Given the Bhutanese disdain for overt criticism, a respectful style of communicating difficult issues is reflected in the online responses. It is characteristic of Bhutanese to make, if at all, only oblique comments and very mild reservations on public policies. Yet the push factors mentioned by the respondents contain subtle statements towards decision makers including non-national ‘consultants’ who have featured in the highly polarising non-formal conversations among the public on some of the impacts of recent reform. More objective and wider discussion is fundamental to making of good public policies because it opens ways for unconsidered options and greater range of ideas that can often lie beyond members of mediocre committees. The aims and aspirations enunciated by His Revered Majesty for the country commands universal respect. Toward these visions, we have to keep our eyes on the strategy to reach them, methods and modality of implementation and, above all, the quality of people who have the capacity to flesh out details. Any imaginaire is revealed only in the grasp of details. Even a vision of a great city can be fulfilled only through an immense assembly of aesthetic, architectural and engineering details.  We need foot soldiers of details to fulfil the vision of His Revered Majesty.

In the foreseeable future, average earnings in our country will be far behind that of Australia or Canada. If earning is the predominant preference to be maximised, migration will not peter out anytime soon. On the other hand, migrants living abroad experience lower wellbeing in circumstances other than financial matter. The government could focus on this missing wellbeing aspects for migrants – our citizens.  

Migration, especially from the public service, brings up the issue of maximising personal income versus commitment to the development of the nation. Commitment orients people towards social welfare or collective good, even though it might go against ones narrow self-interest. This might include accepting lower income. But the lower income does not mean living on the edge without being able to square cost of living. We need to address the cost of living issue as an economy wide topic. Welcome though the salary increase is for public servants, it will not ameliorate inflation as a whole for all citizens.

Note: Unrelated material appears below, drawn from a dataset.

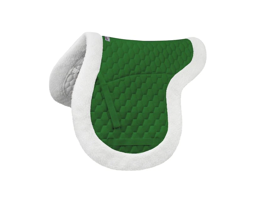 Add some comfort to your sidekick’s saddle with the Derby Originals AP Fleece Padded Contour English Horse Saddle Pad. This English-style saddle pad is designed to look like a high-end show pad and perform like a daily schooling pad. It features heavy-duty diamond-quilted cotton twill, hook and loop billet keepers and girth loops. This contoured saddle pad is crafted with a soft washable fleece lining on the underside and a thick fleece trim around the edge. It is built to be a great all-purpose pad that fits most English saddles up to 18-inches in size.

In fact it will propitiate the public servants while fueling wage push inflation. Having tackled inflation as a whole, it is desirable to revive and refresh commitment to the nation development among the public servants on the eve of the next five year plan. They have become less in number and has to do more. Uncertainty they feel can be transmitted to society in general. All Bhutanese, wherever they are, will and should bear commitment to national development and certainty of a nation of great wellbeing, the nub of national addresses by His Revered Majesty.